Des images satellite publiées ces derniers jours révèlent l’ampleur des massacres commis par les Forces de soutien rapide (FSR) lors de la prise d’Al-Facher, capitale du Nord-Darfour, au Soudan, entre le 26 et le 28 octobre. Ces éléments sont issus du dernier rapport du Humanitarian Research Lab (HRL) de l’Université américaine de Yale (Connecticut), daté du 31 octobre, auquel l’agence de vérification de Radio France a eu accès.
Selon les analyses du HRL, fondées sur des images satellite prises avant et après la chute de la ville, Al-Facher a été le théâtre de massacres d’une ampleur considérable. L’Organisation internationale pour les migrations (OIM) signale que 36 183 personnes — soit environ 15% des 250 000 habitants — ont fui la ville entre le 26 et le 29 octobre dernier. Mais le HRL affirme n’avoir observé aucun mouvement massif de population. "Cela augmente la probabilité que la majorité des civils soient morts, capturés ou cachés", précise le rapport. Dans les jours suivant l’occupation, les images satellite montrent une activité humaine quasi inexistante. Les seuls déplacements visibles concernent des convois militaires. Pour les chercheurs de Yale, cette absence d’exode suggère qu'"il reste peu de civils en vie et capables de s’échapper".
Les images satellite analysées par le laboratoire, qui semblent corroborer les images de propagande diffusées sur les réseaux sociaux des FSR, recensent au moins 31 regroupements correspondant à des corps humains dans et autour de la ville. "Les indices correspondant à la présence de corps humains au sol continuent de se multiplier", indique le HRL. Des traces thermiques de brûlures et de véhicules détruits suggèrent des exécutions sommaires et des attaques contre des convois civils. Les chercheurs mentionnent aussi des taches rouges au sol, identifiées comme des "mares de sang", qui s’estompent au fil des jours, signe de décomposition ou de déplacement des corps.
Ces "clusters" apparaissent dans plusieurs zones, notamment sur le campus de l’Université d’Al-Facher. Des images du 28 octobre montrent plusieurs charniers, avec la présence de potentielles dépouilles de "1,2 à 1,8 mètre de long dans des mares de sang". La base de défense aérienne de la ville présente, elle, des traces de brûlures sur les zones où des personnes étaient visibles la veille. Dans le quartier de Daraja Oula, dernier refuge civil avant la chute de la ville, les chercheurs identifient "de multiples regroupements (…) correspondant à des corps".

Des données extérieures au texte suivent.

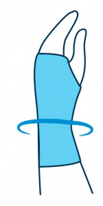 Muñequera izquierda estabilizadora con férula de pulgar y férula palmar con pletinas de aluminio y moldeable en pulgar y en zona palmar.
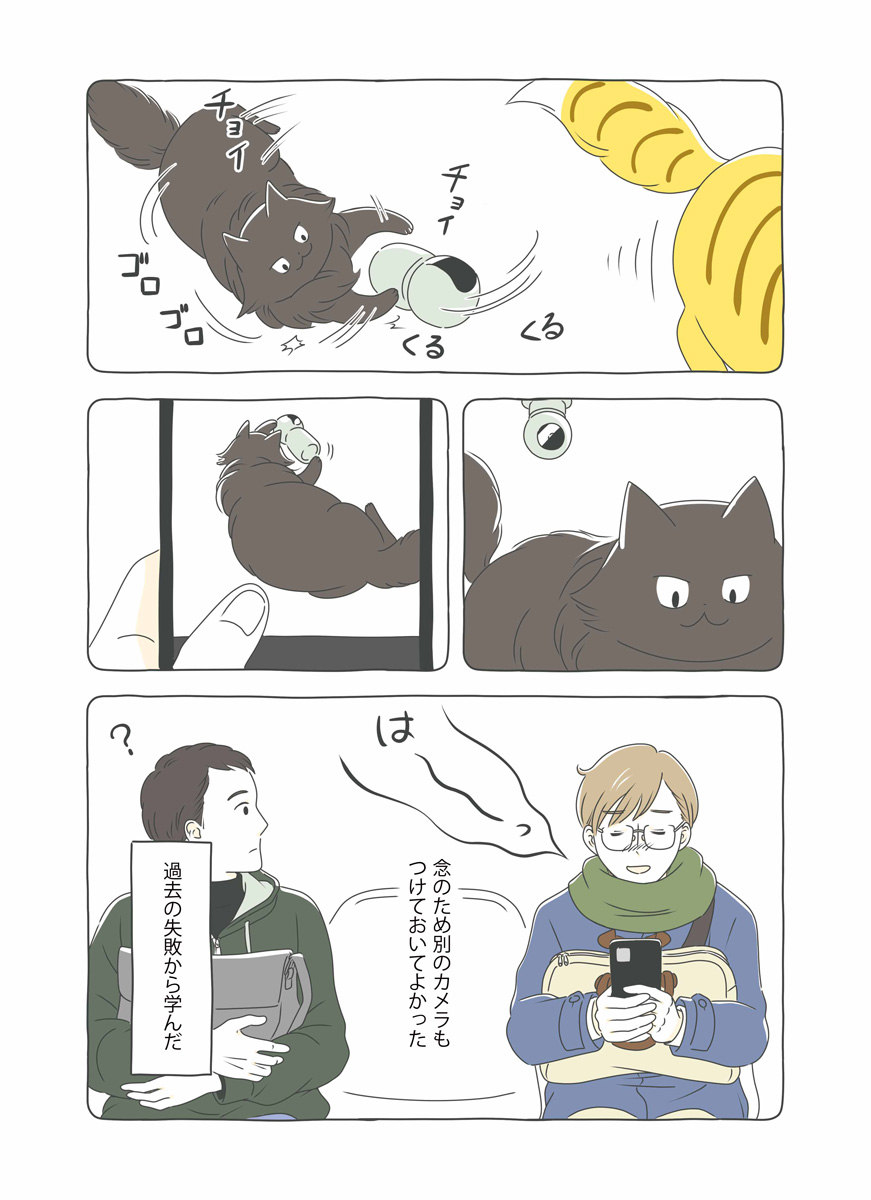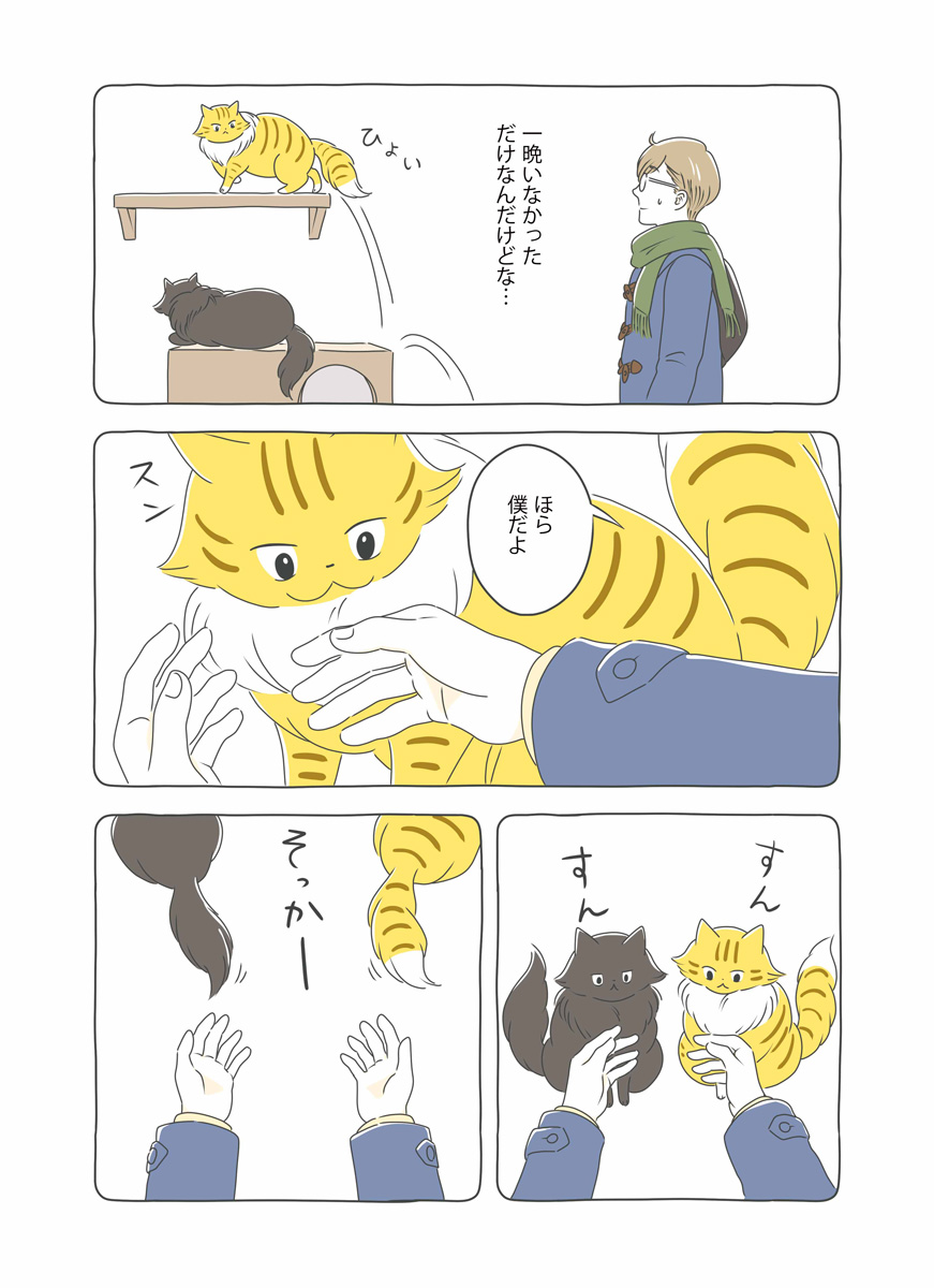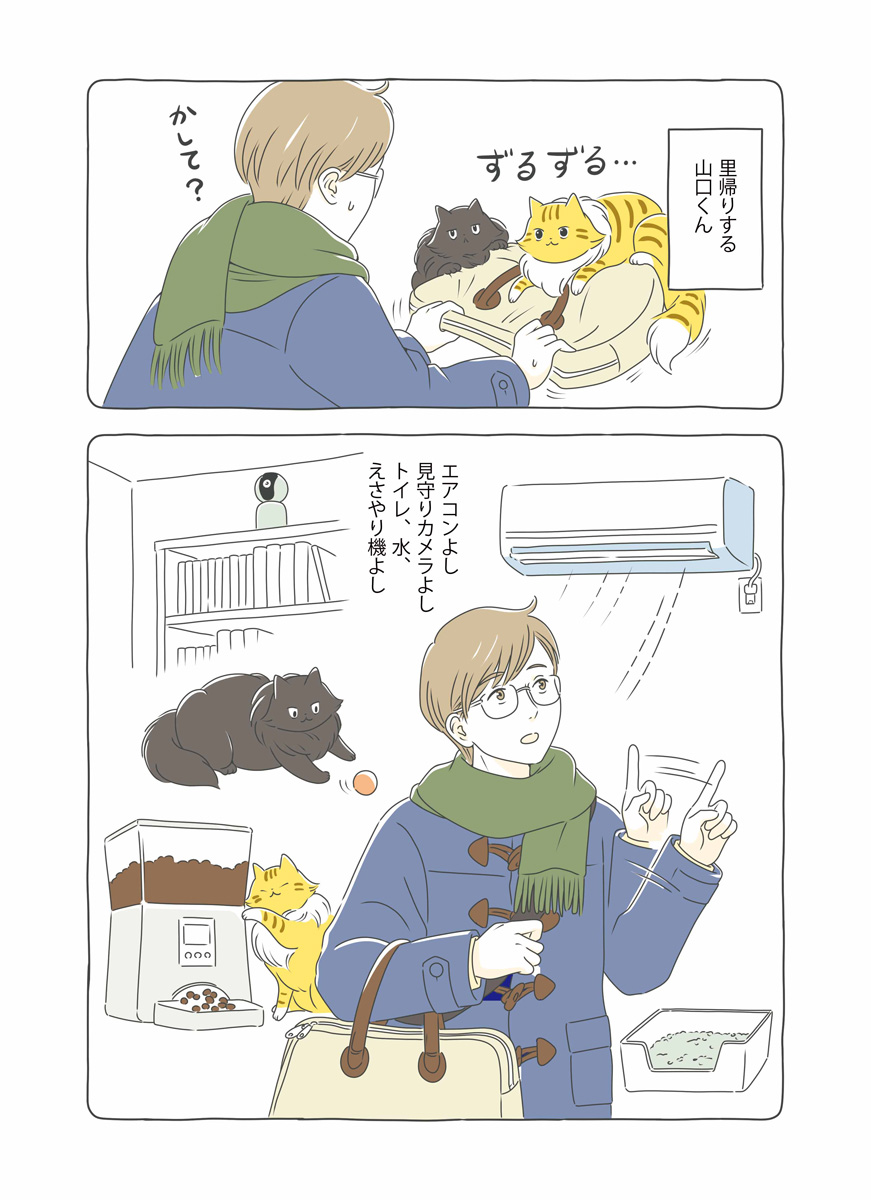 年末年始、実家に帰省する山口くん。2匹に留守番を頼んで出発。ちゃたろうはさっそく見守りカメラを倒したりとやりたい放題。帰宅後、飼い主を忘れかけるちゃたろうとくろすけ。匂いをすんすんと嗅ぎ続けて数時間後ようやく飼い主を思い出す。

Au nord-ouest d’Al-Facher, dans le village de Garni, des survivants évoquent des séparations systématiques entre hommes et femmes. "Des femmes et des enfants ont signalé avoir été séparés des hommes, qu’ils n’ont jamais revus", rapporte le HRL. Des corps ont également été observés le long des routes reliant Garni à Tawilah, appuyant ces récits.
Le bureau du procureur de la Cour pénale internationale (CPI) a rappelé que "de tels actes, s’ils sont avérés, pourraient constituer des crimes de guerre et des crimes contre l’humanité au sens du Statut de Rome". Une enquête a été lancée pour rassembler des éléments sur ces éventuels massacres et viols. La CPI, saisie par le Conseil de sécurité des Nations unies, enquête depuis 2005 sur des soupçons de génocide, crimes de guerre et crimes contre l'humanité commis au Darfour lors de précédentes violences à caractère ethnique, bien avant le début de l'actuel conflit qui a éclaté en 2023.
Le rapport de HRL s’inscrit dans la continuité du conflit qui, depuis avril 2023, ravage le Soudan et a fait des centaines de milliers de morts et déplacés. Le pays est aujourd’hui divisé entre l’armée du général Abdel Fattah al-Burhane, qui contrôle le nord et l’est (Port-Soudan, Khartoum) et les Forces de soutien rapide de Mohamed Hamdan Daglo, désormais maîtres du Darfour, à l’ouest.
Le conflit a de lourdes conséquences sur la population. Lundi, un rapport de l'ONU étend la famine à deux nouvelles régions du pays, notamment autour de Al-Facher. Une vingtaine d'autres régions du Darfour et du Kordofan voisin sont également menacées par la famine.